Свечи в маленькой часовне, и сухое скорбное лицо свекрови: «Не запятнай памяти моего сына».
Вдова в двадцать один год, которой годом позже Эрих предложил свое сердце, свою астму и какао; робкий, добродушный, маленький наци с больными бронхами – камфора, уксус, разорванные на бинты полотняные рубахи и протяжные глухие стоны по ночам.
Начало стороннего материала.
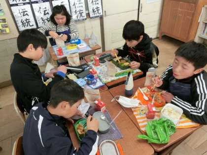 量は小学校の給食と比べるとやや多めで,食べ切るのに苦戦している子もいましたが,全員食べ切ることができました。
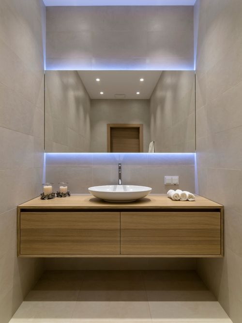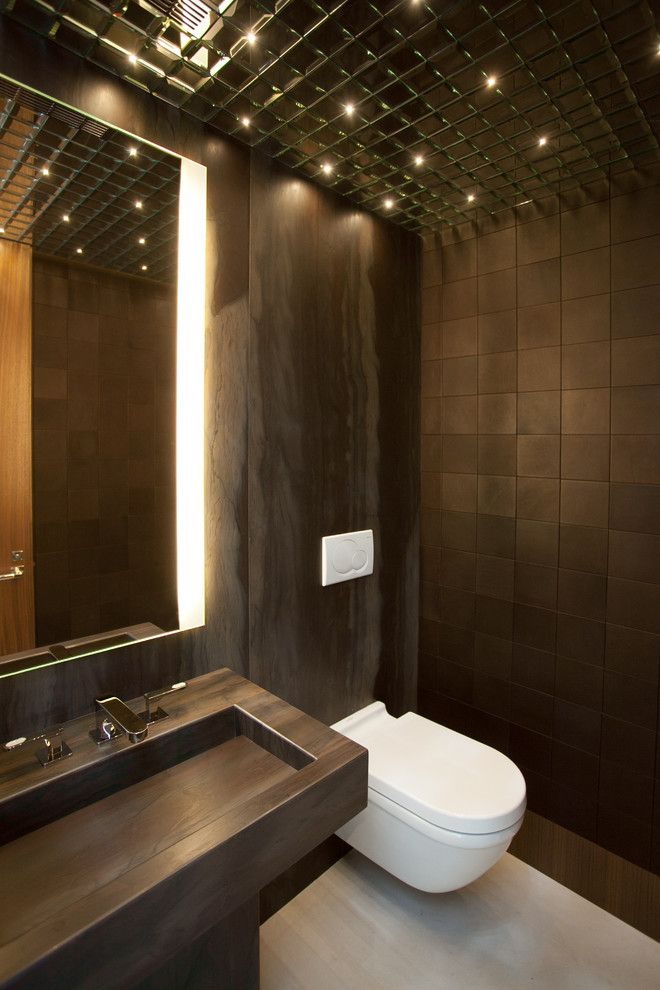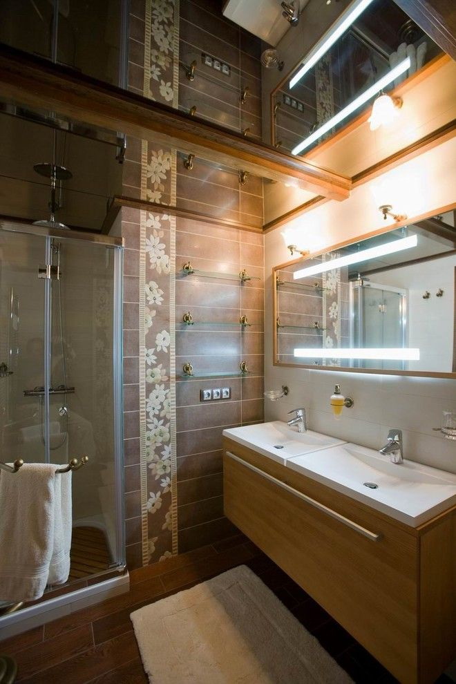 Mesmo em um banho pequeno conjunto espelho alto em pleno crescimento. Complementamos com vários pequenos modelos nas paredes ou fazemos um mosaico reflexivo. Recepção "expandir" o quarto, o banho parece muito mais espaçoso.

Ничего не поделаешь, надо взглянуть в зеркало, которое висит рядом с портретом Генриха – зубы еще белые и на вид кажутся прочными, но когда дотронешься до них – зловещее покачивание. Губы еще сочные, не такие узкие и вялые, как у Берны, – она все еще хороша, изящная жена улыбающегося на снимке фельдфебеля, куколка с длинной и гордой шеей, восторжествовавшая над более молодыми кондукторшами; тысячу двести марок за тринадцать зубов – а десны все сохнут, все больше обнажаются зубы, и этого уже не восстановишь.